▸ Available data
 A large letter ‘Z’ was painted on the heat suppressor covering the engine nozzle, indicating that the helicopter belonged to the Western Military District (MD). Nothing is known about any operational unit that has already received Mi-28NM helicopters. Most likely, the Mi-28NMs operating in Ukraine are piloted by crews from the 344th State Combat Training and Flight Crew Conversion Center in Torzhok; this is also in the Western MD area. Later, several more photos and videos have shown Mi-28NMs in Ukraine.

==

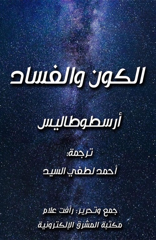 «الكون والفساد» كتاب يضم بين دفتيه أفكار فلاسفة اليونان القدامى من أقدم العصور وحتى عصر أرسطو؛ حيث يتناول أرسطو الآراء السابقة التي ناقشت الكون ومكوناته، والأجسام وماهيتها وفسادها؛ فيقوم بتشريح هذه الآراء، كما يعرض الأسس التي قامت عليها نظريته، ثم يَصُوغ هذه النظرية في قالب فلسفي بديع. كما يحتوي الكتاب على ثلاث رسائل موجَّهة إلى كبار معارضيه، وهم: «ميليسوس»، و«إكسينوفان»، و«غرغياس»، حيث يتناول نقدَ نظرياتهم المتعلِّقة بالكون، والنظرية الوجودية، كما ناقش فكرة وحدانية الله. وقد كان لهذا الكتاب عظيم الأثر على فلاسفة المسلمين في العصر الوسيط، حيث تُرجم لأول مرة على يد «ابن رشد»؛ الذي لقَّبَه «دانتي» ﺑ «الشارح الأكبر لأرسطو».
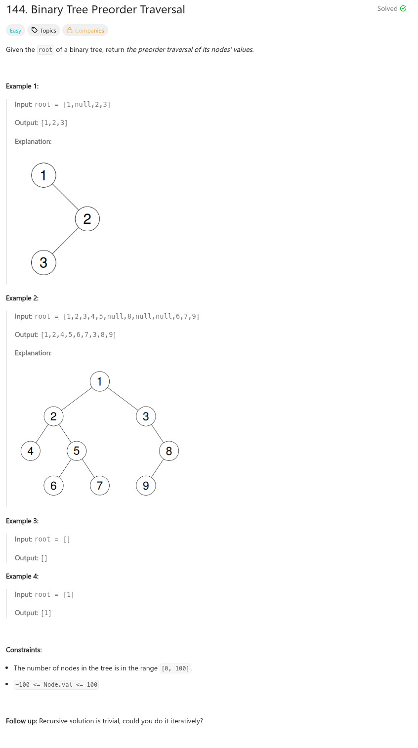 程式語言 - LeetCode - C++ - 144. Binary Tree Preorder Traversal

▸ Work required
From the records above, extract the lines from the one holding "كتاب يضم بين" through the one holding "程式語言 - LeetCode", word for word; omit the pictures.

▸ Your response
 «الكون والفساد» كتاب يضم بين دفتيه أفكار فلاسفة اليونان القدامى من أقدم العصور وحتى عصر أرسطو؛ حيث يتناول أرسطو الآراء السابقة التي ناقشت الكون ومكوناته، والأجسام وماهيتها وفسادها؛ فيقوم بتشريح هذه الآراء، كما يعرض الأسس التي قامت عليها نظريته، ثم يَصُوغ هذه النظرية في قالب فلسفي بديع. كما يحتوي الكتاب على ثلاث رسائل موجَّهة إلى كبار معارضيه، وهم: «ميليسوس»، و«إكسينوفان»، و«غرغياس»، حيث يتناول نقدَ نظرياتهم المتعلِّقة بالكون، والنظرية الوجودية، كما ناقش فكرة وحدانية الله. وقد كان لهذا الكتاب عظيم الأثر على فلاسفة المسلمين في العصر الوسيط، حيث تُرجم لأول مرة على يد «ابن رشد»؛ الذي لقَّبَه «دانتي» ﺑ «الشارح الأكبر لأرسطو».
 程式語言 - LeetCode - C++ - 144. Binary Tree Preorder Traversal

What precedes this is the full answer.